Applying Cancer Research to Algae Production

January 20, 2011

If metabolic disruption (MDT) is truly successful, it will be able to interrupt metabolic strategies used to regulate a cell’s energy consumption, production and storage. A cell that is dividing will have a different energy level than one that is not, and will use an alternative metabolic strategy, according to Viral Genetics, a biotechnology research company. And “the way a cell metabolizes its sources of energy appears to determine whether it will survive the most common treatments for cancer,” chemotherapy and radiation, the company says.

M. Karen Newell-Rogers of Viral Genetics has been working on MDT research, and she recently received $750,000 to develop the technology. The work to this point indicates that when tumor cells’ metabolic strategies are interrupted, the cells can no longer generate energy needed to survive and the reduced energy levels reduce the tumor cells’ ability for repair, “resulting in a greater sensitivity to chemotherapy and radiation.”

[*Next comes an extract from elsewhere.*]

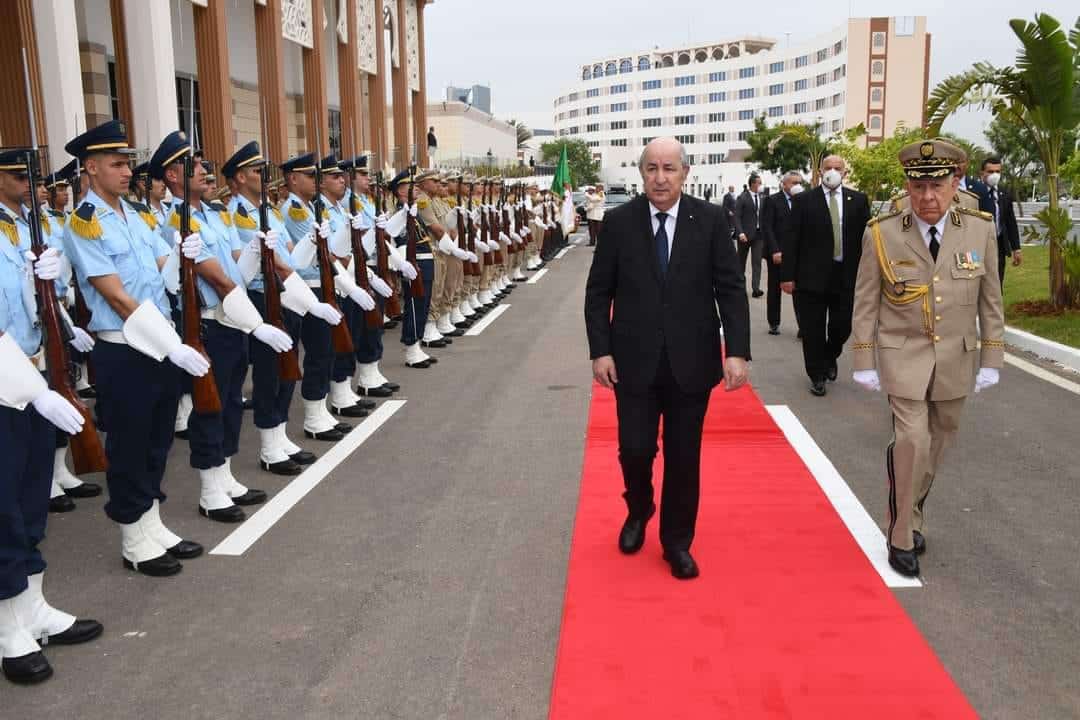 بعد ذلك غادر السيد رئيس الجمهورية، القائد الأعلى للقوات المسلحة، وزير الدفاع الوطني، حيث كان في توديعه السيد الفريق أول رئيس أركان الجيش الوطني الشعبي، مع تأدية التحية الشرفية للسيد رئيس الجمهورية من طرف تشكيلة عسكرية.

The disruptive agents used to this point are comprised of pharmaceutical compositions that interfere with high rate glycolysis and fatty acid oxidation. The DCA, or dichloracetate, sends a message to the cells that nutrient reserves are full and also interferes with an enzyme that triggers a switch in a cell to fatty acid oxidation in times of starvation. Viral Genetics is now venturing into another uber-important realm: biofuels. The company has launched VG Energy, to put the MDT approach to use in algae-based biofuels. The goal is to increase lipid production by “disrupting” the metabolic strategies of the algal cells.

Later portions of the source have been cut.